Exercise instructions: The listing below begins with the first line you should copy; stop after the line containing "Ginger haired woman", and drop every picture.

Exercise materials:
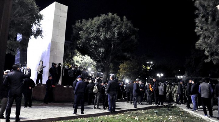 Merkez Seçim Komisyonu tarafından yüzde 7'lik seçim barajını aşmadığı bildirilen 12 parti taraftarı, seçim sonuçlarının iptal edilmesi talebiyle başkent Bişkek'teki Ala-Too Meydanı'nda protesto gösterisi düzenledi.
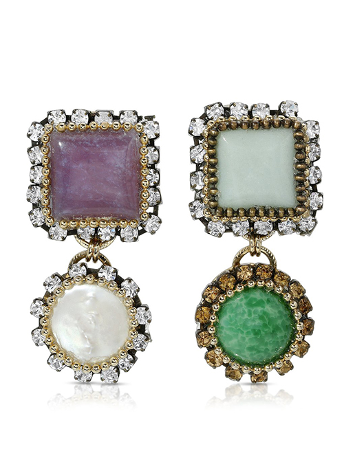 After seeing our Earring And Necklace 3-Tier Set, you’ll understand why we’ve chosen to pair these two items together. The necklace features three tiers of gemstones in various geometrical shapes. All of the gemstones are encrusted in Swarovski crystal, as well as gold Swarovski pearls. They hang from a gold chain, which has an adjustable clamp at the back. The clip-on earrings are secured by a sponge backing. They also display several semi-precious stones in circle and square shapes, which are also encrusted in Swarovski crystal and pearls.
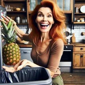 «Sarcastically Ginger haired woman Throwing just 1 pineapple in...»
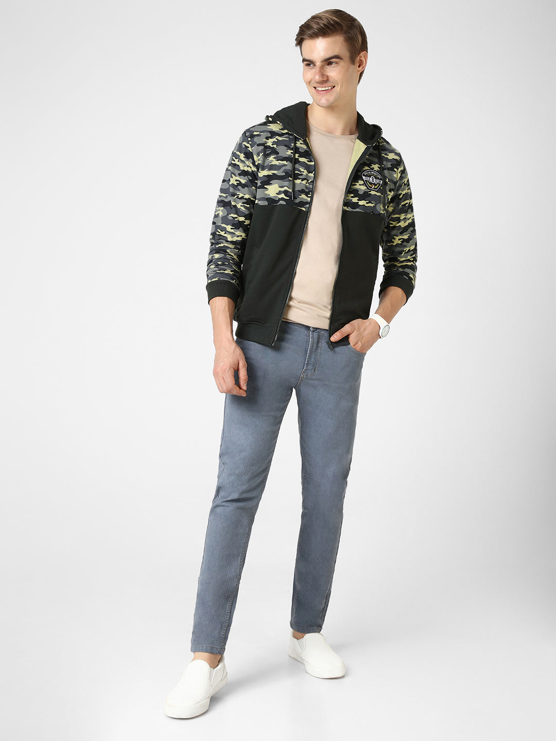 Make heads turn and stay stylishly warm in this latest trending design of Urbano Fashion men's grey military camouflage printed pattern with badges on chest cotton hooded neck sweatshirt, which brings the latest trend for the fashion conscious. The in-vogue camouflage printed design with printed badges on chest; 2 slant pockets; soft, warm & premium cotton fabric, front full zipper closure, hooded neck with drawsting closure, Regular Fit & Ribbed hem, full sleeve with ribbed cuff, make it a wardrobe must-have. Pair this fashionable and comfortable full sleeve sweatshirt with any Urbano Fashion jeans, trousers, shorts for the perfect casual, evening, gym wear or party wear look, and never go out of style!
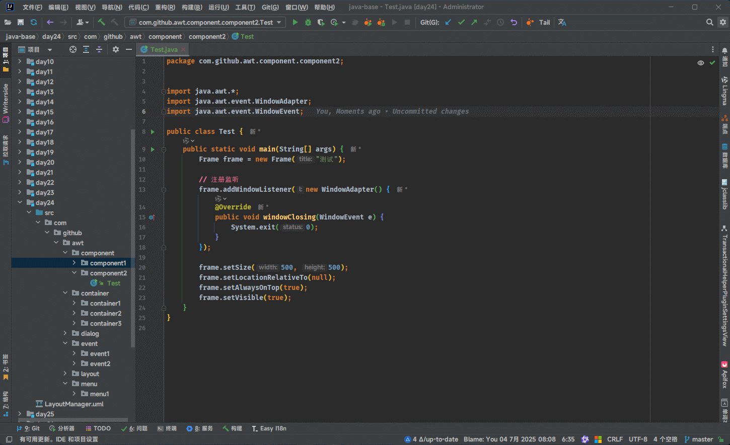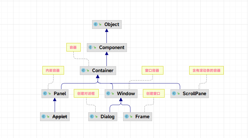 - ③ Container 是一种特殊的 Component,它代表一种容器,可以存放普通的 Component。
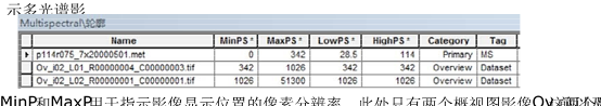 通过查看"类别"字段进行标识。在以全图范围查看影像时,会显示底层概视图影像,将其放大时(需要更大的像素大小)会看到表中上一层的影像。接下来会看到使用 MS 标记识别的源影像。
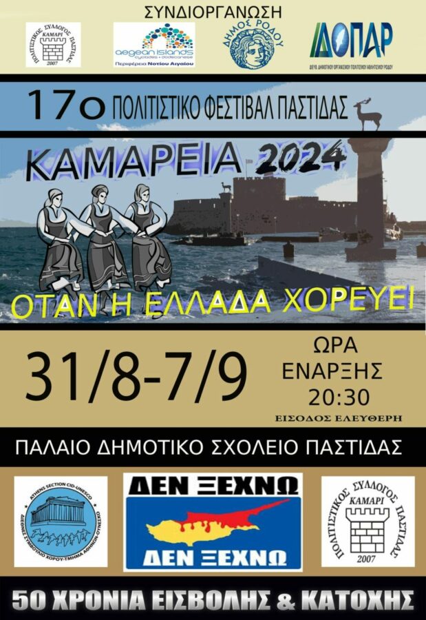 Ο Πολιτιστικός Σύλλογος Παστίδας Ρόδου «Καμάρι» σας προσκαλεί στο 17ο Πολιτιστικό Φεστιβάλ Παστίδας «Καμάρεια 2024» που συνδιοργανώνει με την Περιφέρεια Νοτίου Αιγαίου και τον Δήμο Ρόδου – Δ.Ο.Π.Α.Ρ.
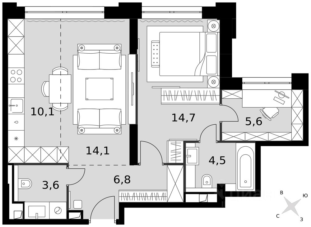 - Мастер-зона с санузлом. Уют и комфорт в одном пространстве.
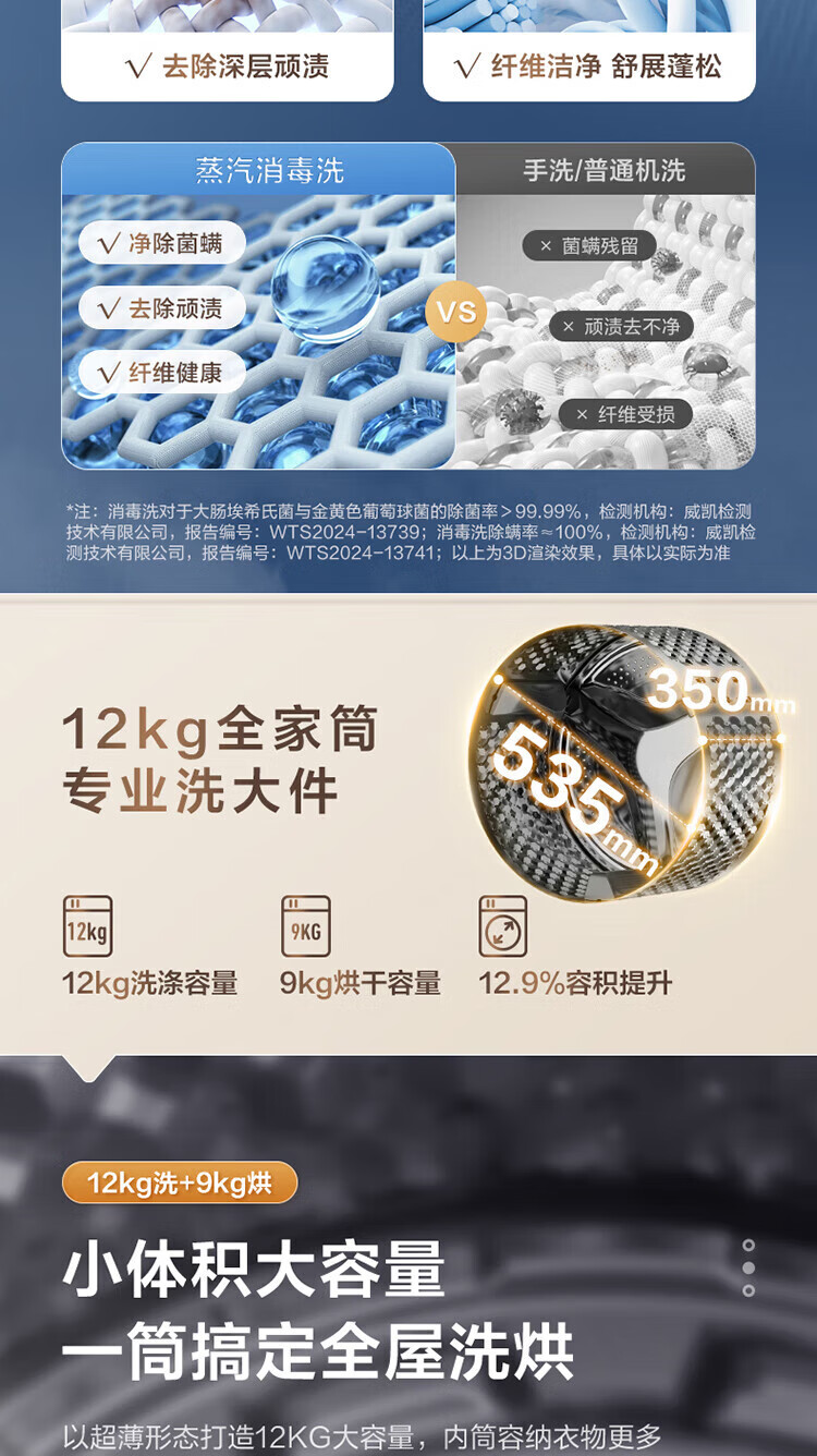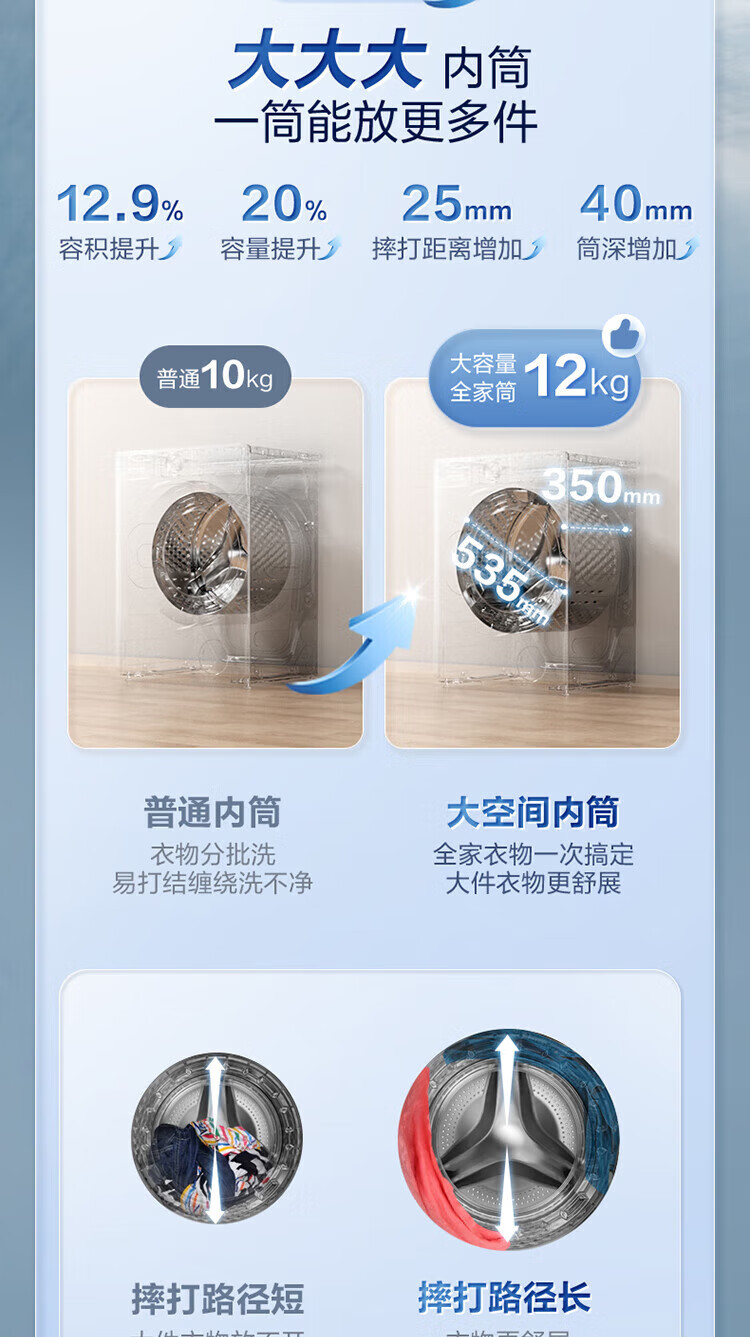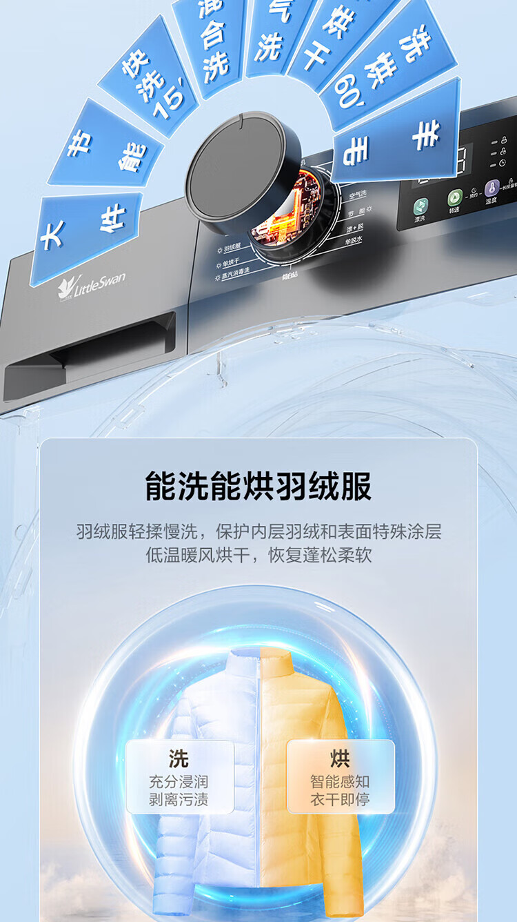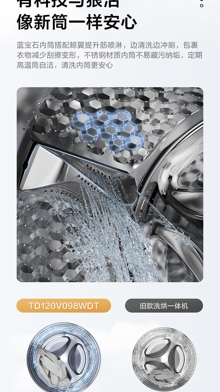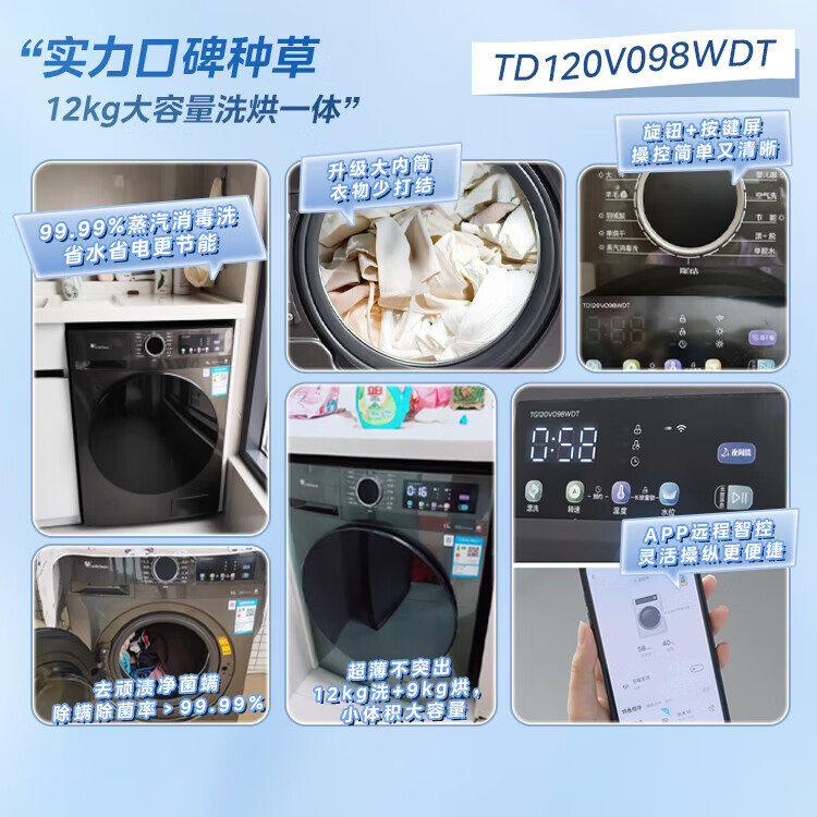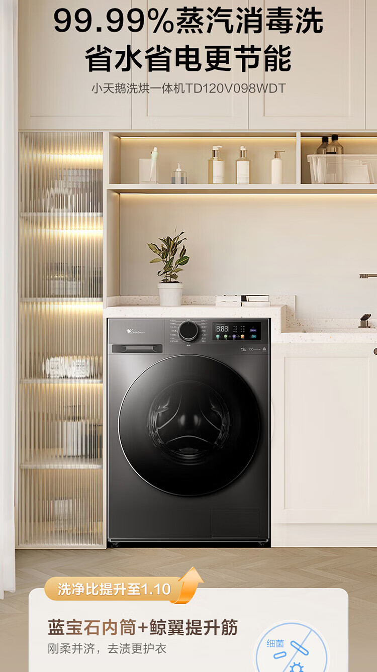 小天鹅(LittleSwan)12KG大容量变频全自动滚筒洗衣机 节能省电蒸汽消毒洗 一级能效 1.1洗净比除螨洗 【V098WDT-无烘干】超薄+节能省时洗智控

Solution below:
 Merkez Seçim Komisyonu tarafından yüzde 7'lik seçim barajını aşmadığı bildirilen 12 parti taraftarı, seçim sonuçlarının iptal edilmesi talebiyle başkent Bişkek'teki Ala-Too Meydanı'nda protesto gösterisi düzenledi.
 After seeing our Earring And Necklace 3-Tier Set, you’ll understand why we’ve chosen to pair these two items together. The necklace features three tiers of gemstones in various geometrical shapes. All of the gemstones are encrusted in Swarovski crystal, as well as gold Swarovski pearls. They hang from a gold chain, which has an adjustable clamp at the back. The clip-on earrings are secured by a sponge backing. They also display several semi-precious stones in circle and square shapes, which are also encrusted in Swarovski crystal and pearls.
 «Sarcastically Ginger haired woman Throwing just 1 pineapple in...»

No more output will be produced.